その人はいつも割烹着にバケツを持っていた。

 

空家に現れては、自分の家を掃除するように

 

淡々と水を汲んだり、ぞうきんを絞ったり。。。

 

その人と話すと何か落ち着いた。

 

「八百屋さんがリンゴ拭くのは、キレイに見せるため」

「売れの残った商品をおまけするのは、また来てもらうため」

「支払を袋で分けておくのは、自分の使い道を知るため」

 

彼女から、いろんなことを学んだ。

 

当たり前をおごらずに当たり前にやる。

どんな取引も、高額であれ、強権であれ、態度は同じだ。

釣り竿のように、先にしかぶれない強さを感じる。

 

ちなみに、彼女はいわゆる「資産家」だが、

見た目には、「レレレのおばさん」だ。

 

今日もどこかの空家で掃除でもしているらしい。

 

娘さんが「もうすぐ戻ってくる」って言ってたけど、

会わずに返ります。僕も真っ直ぐに自分の商売道へ。

前回の仲介料で揉めた物件。

 

内見の時に、息子を連れてった。

 

息子は、最初は古くて乗り気ではなかったが、

まだまだ使えそうだから買っとけば・・・って

 

まぁ、取引を止めて、一番残念だったのは、

息子が気に入った物件を買ってやれなかったこと。

 

今度から、変な主観が入らないように

息子は同行せん方がいいなぁ。。。とか考えてた。

 

今回の経緯を、息子に言って建前で、

「また、見に行こうな!」と言うと。。。。

 

「ええよ、別に。

だって、お父さんが違うって思ったんだろ?

そんなん買わなくていい。お金払わんでエエやん。

次、どんな物件?」って。。。

 

俺以上にキレがあるかもしれない。。。

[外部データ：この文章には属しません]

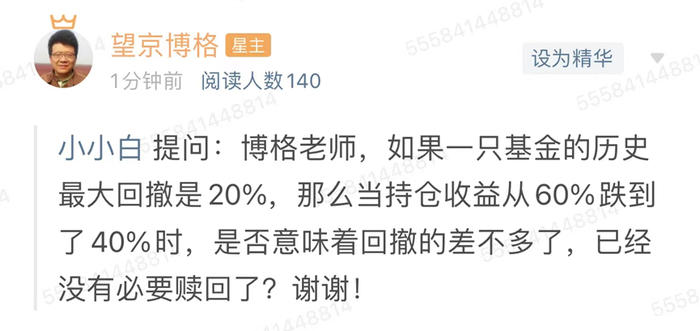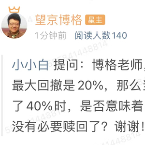 a基金的历史最大回撤是20%,老王的持仓收益从60%到40%,也就是该基金的净值,从1.0涨到1.6,再从1.6跌到1.4的过程。
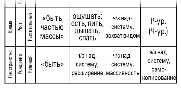 Перейдём на строчку выше в нашей таблице. Деятельность прото-РНК привела к созданию системы 'одноклеточный организм, который является частью массы таких же систем'. В ячейку Р-ур.(Н-ур.) мы запишем усовершенствованное свойство «быть» – «сохранить свою форму», так мы подчеркнём важную природную иерархию, интенцию природы быть проявленной в пространстве, – а уж булыжником или кустом это уже потом, “сверху” этого. В дополнение к этому свойству здесь запишем также впервые проявляющуюся интенцию «быть частью массы».
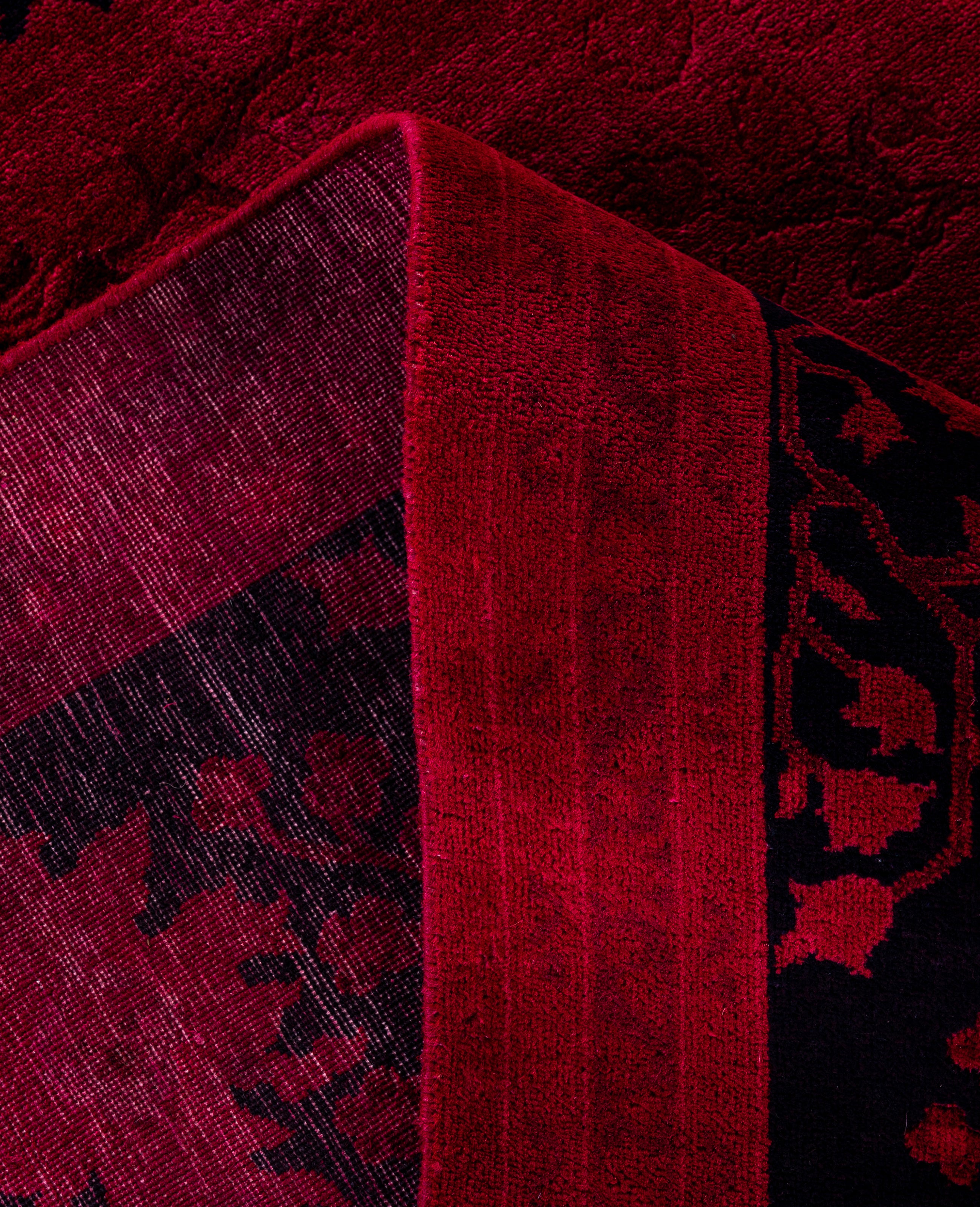 Over-dyed area rugs are created by taking vintage or traditional rugs and applying a vibrant, monochromatic dye over the existing patterns. This technique results in a bold, modern aesthetic while preserving the intricate designs beneath, blending the old with the new. The rugs are often faded and distressed before dyeing, which adds texture and depth to their appearance. The over-dye process breathes new life into worn or antique rugs, giving them a contemporary twist with rich, saturated colors like deep blues, purples, or bright reds. These rugs work well in both eclectic and modern spaces, offering a unique, artistic flair to any room. They provide a dynamic focal point, balancing between traditional craftsmanship and contemporary design trends. Over-dyed rugs are perfect for those looking to add a pop of color and character to their home decor.
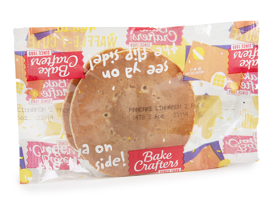 Bake Crafters Pancakes, WG, Wholesome Choice, Buttermilk, Maple Cinn, 2 Pack; must be whole grain rich and provide 2.0 ounce grain equivalents. Portion to provide at least 145 calories, with no more than 4.5 grams of fat. Must contain less than 260 milligrams of sodium. Acceptable brand: Bake Crafters 1478.
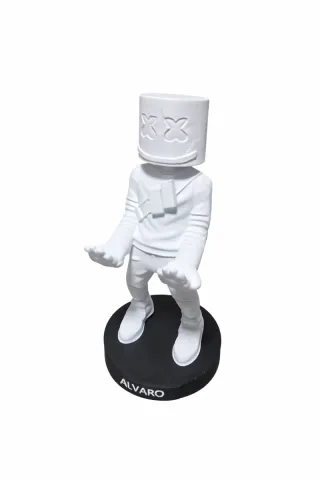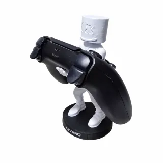 Soporte para mando de consola, diseñado e impreso en 3D. Ideal para exhibir tu mando. - Diseño inspirado en Marshmello. - Base negra con nombre personalizado'
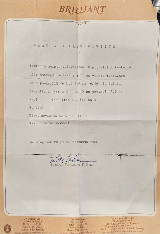 Bruttopaino 10,11g. Ei kaiverruksia. Koko 17. Mukana aitoustodistus. Yksi timanteista vaihdettu myöhemmin lab. timanttiin

(笑)

お盆明けで買取を目指していた物件。

 

借地で借地料もちょっと高いけど、

家がまだ使えそうだったので、買うことにした。

契約決済同時履行の一発決済。

馴染みの業者さんだったので安心していた。

 

しかし、決済3日前に、手数料を上げて欲しいと。。。

僕としては、大体の額を言ったつもりだったけど、

合意したわけではなかったらしく。。。

 

今回は3日前だし、そのまま行ってくれないかなぁ?

と淡い期待をしていると、(それか、少し上げる程度)

今までの手数料も微々たるもんで、バカにされている

気がしていた!ちょっとお怒りモード。

 

バカにしたつもりは全くないし、

安いに越したことはないが、仲介もプロだから、

はっきりと言ってもらえば検討するつもりだ。

 

ただ、今までバカにされた金額でやってきたって

のは聞き捨てならぬ。

 

優しくやりたいし。怒らせたくないし。

ただ、下手な言い訳もしたくない。臆病者ですね。

 

取り急ぎ、流れの悪い契約は、お断りしました。

金額の多い少ないは、風呂の温度と一緒で、

入る前に言っておいてほしいです。